Would you please write out only the lines running from the top of the listing through the one holding "Monica Putri Rasyid, CEO", exactly, with both ends kept and pictures left out?
Start of DATA SUPPLIED
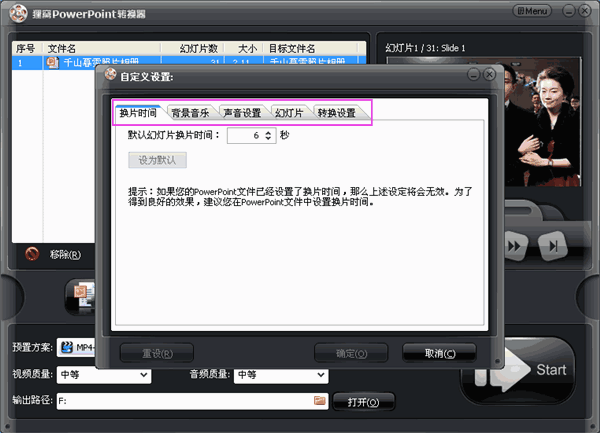 進(jìn)入自定義,設(shè)置切片時(shí)間、背景音樂(lè)等, 如圖
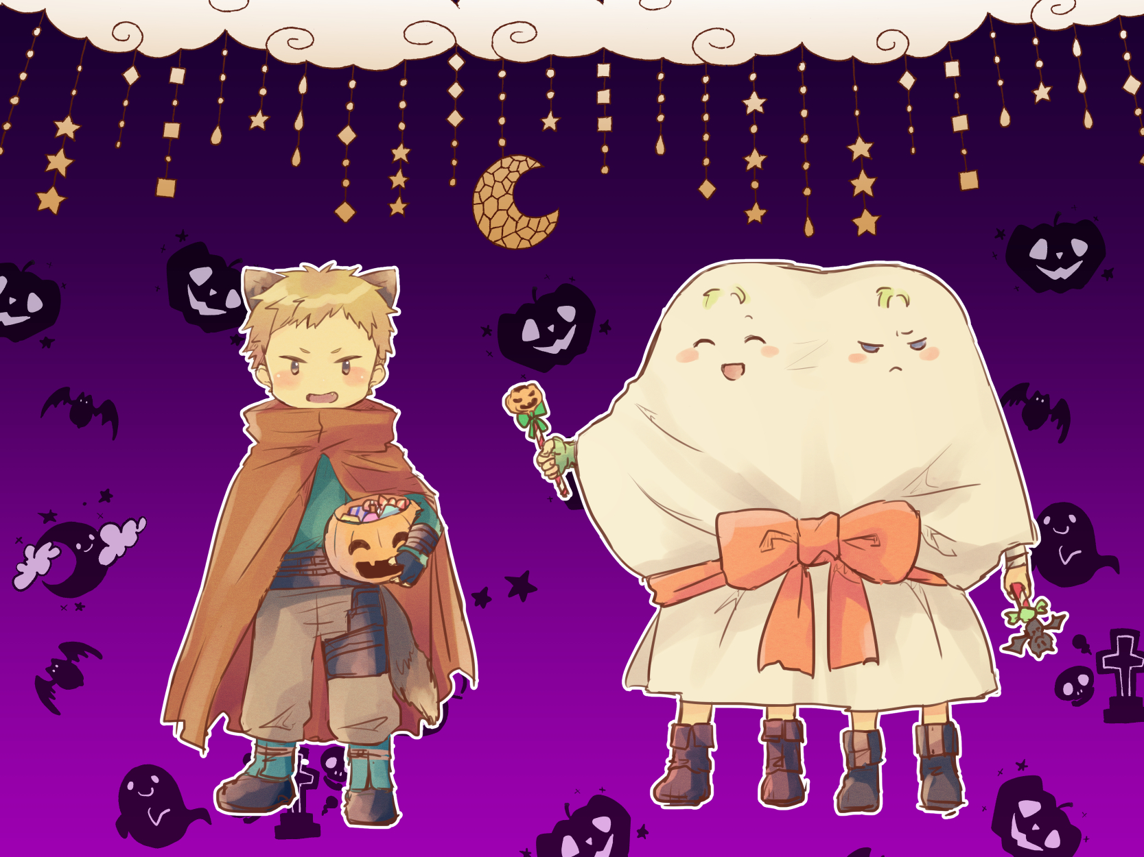 >:( 3boys animal_ears ankle_boots bat_(animal) blush blush_stickers boots bow brothers brown_cape brown_eyes brown_hair candy cape cat_ears chad_(fire_emblem) child closed_eyes cloud commentary_request crescent fake_animal_ears fingerless_gloves fire_emblem fire_emblem:_the_binding_blade food ghost ghost_costume gloves gradient_background halloween halloween_costume highres holding jack-o'-lantern looking_at_viewer lugh_(fire_emblem) male_focus multiple_boys nintendo nishimura_(shinchinagachi) no_sclera open_mouth pants partial_commentary purple_background raigh_(fire_emblem) shoes short_hair siblings smile square star_(symbol) v-shaped_eyebrows
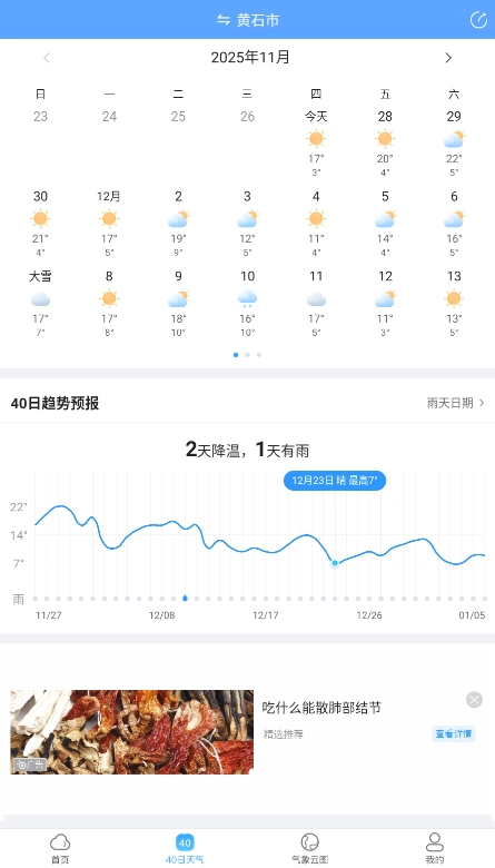 切换到长期预报页面,就可以查看未来40天的气温波动、降水可能性等信息,为中长期行程安排提供帮助。
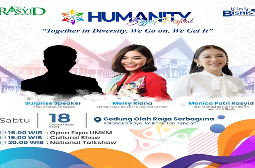 Monica Putri Rasyid, CEO Abdul Rasyid Foundation dan Klinik Bisnis menyampaikan Humanity Biggest Festival ini merupakan momentum strategis untuk memperkenalkan dan mempromosikan potensi budaya dan produk-produk unggulan daerah Kalimantan Tengah secara luas, baik skala nasional bahkan internasional.
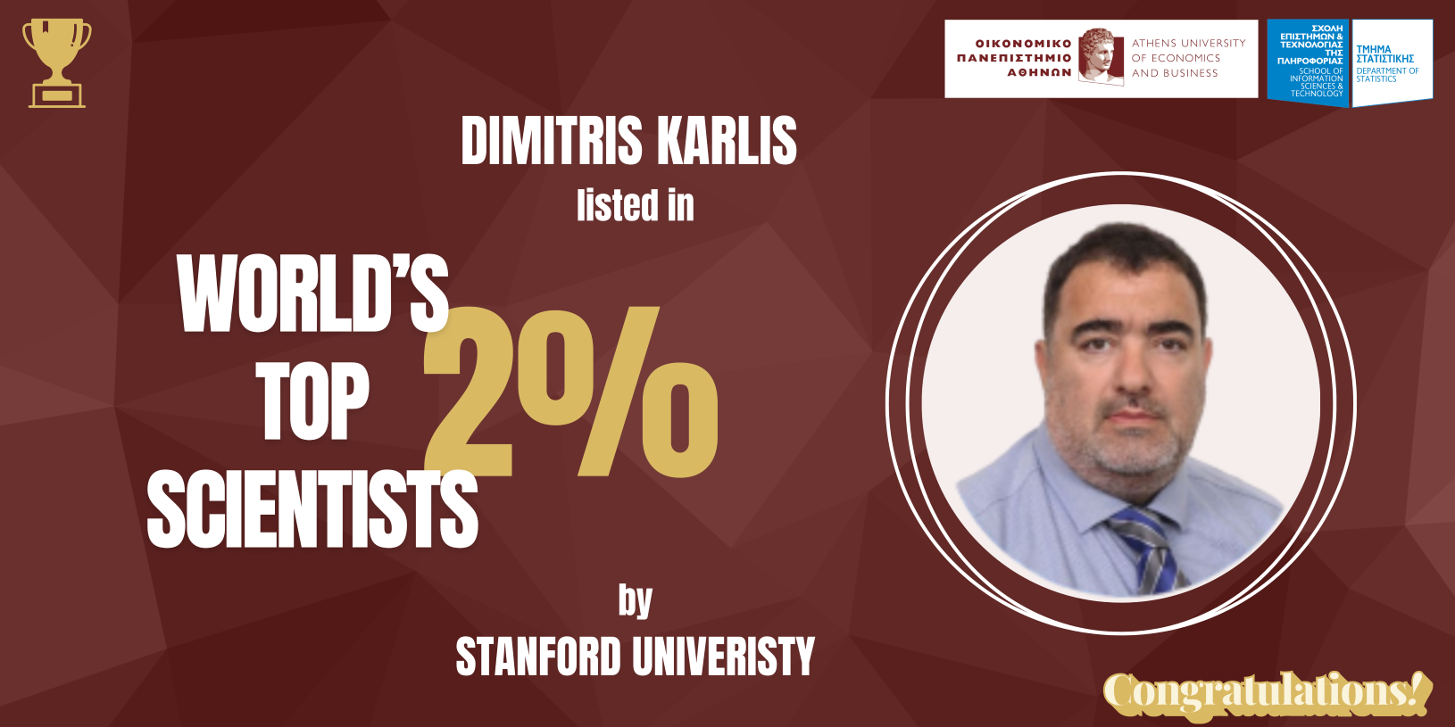 Congratulations to our very own Professor of Statistics, Dimitris Karlis, for being listed in World’s Top 2% Scientists, by Stanford University, for 2023!
End of DATA SUPPLIED
ANSWER SPACE.
 進(jìn)入自定義,設(shè)置切片時(shí)間、背景音樂(lè)等, 如圖
 >:( 3boys animal_ears ankle_boots bat_(animal) blush blush_stickers boots bow brothers brown_cape brown_eyes brown_hair candy cape cat_ears chad_(fire_emblem) child closed_eyes cloud commentary_request crescent fake_animal_ears fingerless_gloves fire_emblem fire_emblem:_the_binding_blade food ghost ghost_costume gloves gradient_background halloween halloween_costume highres holding jack-o'-lantern looking_at_viewer lugh_(fire_emblem) male_focus multiple_boys nintendo nishimura_(shinchinagachi) no_sclera open_mouth pants partial_commentary purple_background raigh_(fire_emblem) shoes short_hair siblings smile square star_(symbol) v-shaped_eyebrows
 切换到长期预报页面,就可以查看未来40天的气温波动、降水可能性等信息,为中长期行程安排提供帮助。
 Monica Putri Rasyid, CEO Abdul Rasyid Foundation dan Klinik Bisnis menyampaikan Humanity Biggest Festival ini merupakan momentum strategis untuk memperkenalkan dan mempromosikan potensi budaya dan produk-produk unggulan daerah Kalimantan Tengah secara luas, baik skala nasional bahkan internasional.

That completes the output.